[YOUR GOAL]
In the entries that follow, find the line containing "サンコー(株) 品番:MTBS-10A タイタン" and the line containing "Entre otras fortalezas", then copy exactly everything from the first through the second except the pictures.

[DATA EXCERPTS]
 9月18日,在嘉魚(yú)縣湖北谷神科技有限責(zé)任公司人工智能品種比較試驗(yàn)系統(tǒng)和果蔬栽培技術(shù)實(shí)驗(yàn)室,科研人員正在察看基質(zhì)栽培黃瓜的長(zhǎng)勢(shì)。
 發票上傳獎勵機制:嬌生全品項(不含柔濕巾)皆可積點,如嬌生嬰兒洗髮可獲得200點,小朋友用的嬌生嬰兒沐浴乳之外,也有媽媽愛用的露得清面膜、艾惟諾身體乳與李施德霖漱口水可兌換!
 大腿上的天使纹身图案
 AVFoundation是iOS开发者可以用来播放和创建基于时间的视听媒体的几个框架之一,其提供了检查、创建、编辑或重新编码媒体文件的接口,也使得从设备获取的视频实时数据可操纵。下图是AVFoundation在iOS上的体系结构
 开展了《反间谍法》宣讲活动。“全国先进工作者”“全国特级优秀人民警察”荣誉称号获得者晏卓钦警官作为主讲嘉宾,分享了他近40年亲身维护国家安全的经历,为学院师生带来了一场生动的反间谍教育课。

--

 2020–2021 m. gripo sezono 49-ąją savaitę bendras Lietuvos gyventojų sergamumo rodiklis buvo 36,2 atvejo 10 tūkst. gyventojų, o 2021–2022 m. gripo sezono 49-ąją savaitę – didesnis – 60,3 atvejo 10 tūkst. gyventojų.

---

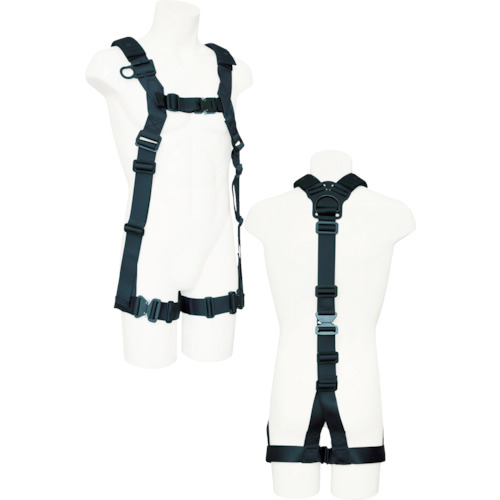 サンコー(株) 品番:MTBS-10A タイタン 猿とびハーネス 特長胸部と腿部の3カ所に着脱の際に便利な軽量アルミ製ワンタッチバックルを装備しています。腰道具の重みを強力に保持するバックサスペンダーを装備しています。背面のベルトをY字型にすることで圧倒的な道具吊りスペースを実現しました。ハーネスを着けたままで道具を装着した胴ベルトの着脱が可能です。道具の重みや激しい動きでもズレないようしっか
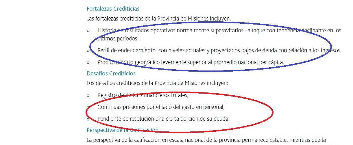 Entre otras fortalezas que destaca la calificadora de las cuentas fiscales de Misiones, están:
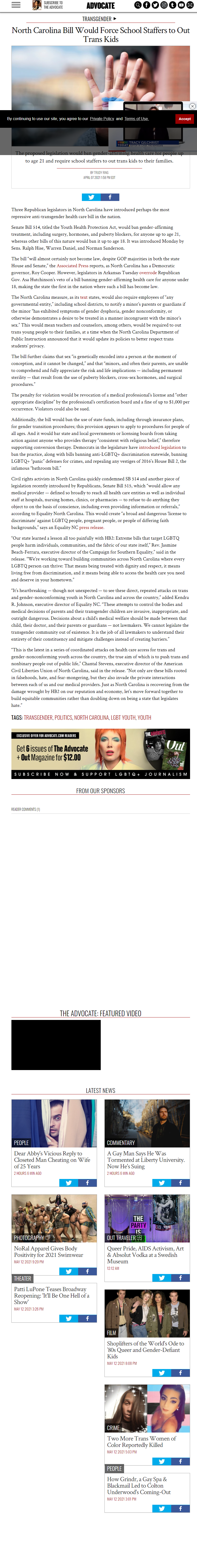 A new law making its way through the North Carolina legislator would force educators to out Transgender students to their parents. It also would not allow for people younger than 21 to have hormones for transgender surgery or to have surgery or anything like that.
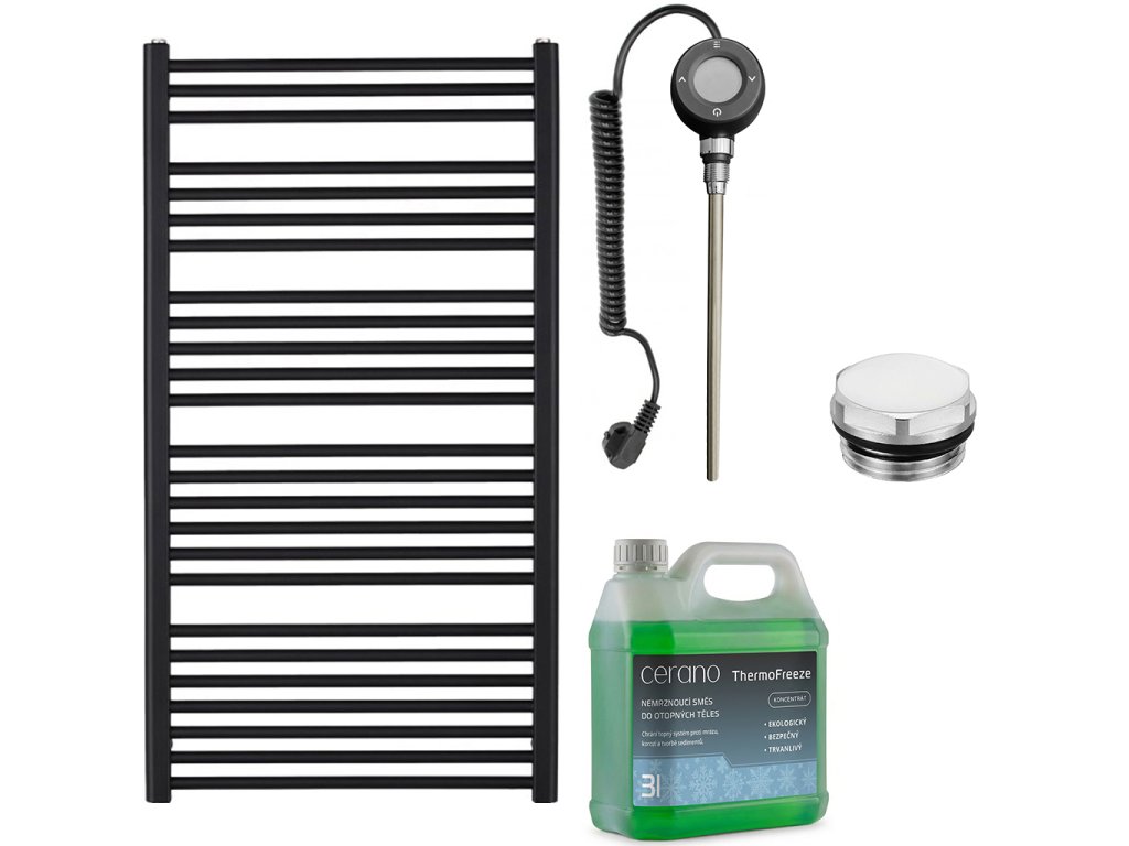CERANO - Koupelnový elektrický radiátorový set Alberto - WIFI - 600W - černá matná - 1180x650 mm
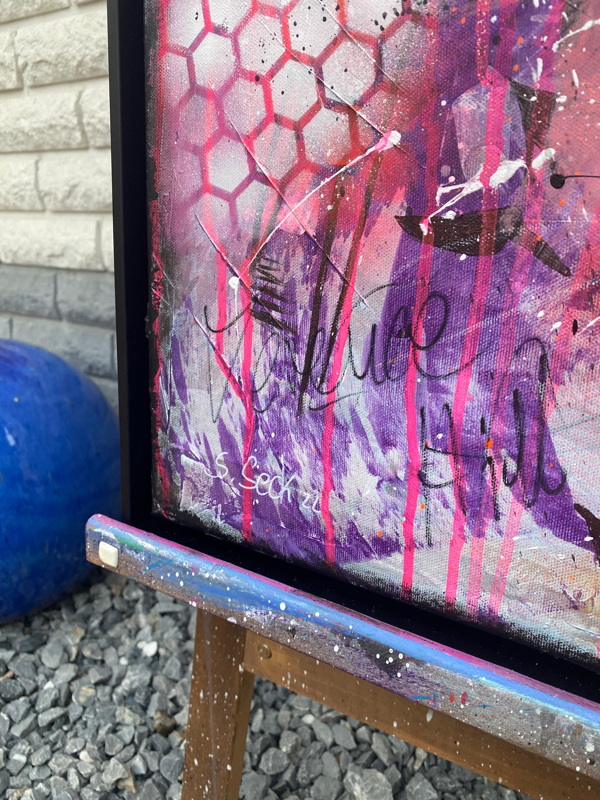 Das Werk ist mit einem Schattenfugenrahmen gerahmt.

[TASK OUTPUT]
 サンコー(株) 品番:MTBS-10A タイタン 猿とびハーネス 特長胸部と腿部の3カ所に着脱の際に便利な軽量アルミ製ワンタッチバックルを装備しています。腰道具の重みを強力に保持するバックサスペンダーを装備しています。背面のベルトをY字型にすることで圧倒的な道具吊りスペースを実現しました。ハーネスを着けたままで道具を装着した胴ベルトの着脱が可能です。道具の重みや激しい動きでもズレないようしっか
 Entre otras fortalezas que destaca la calificadora de las cuentas fiscales de Misiones, están:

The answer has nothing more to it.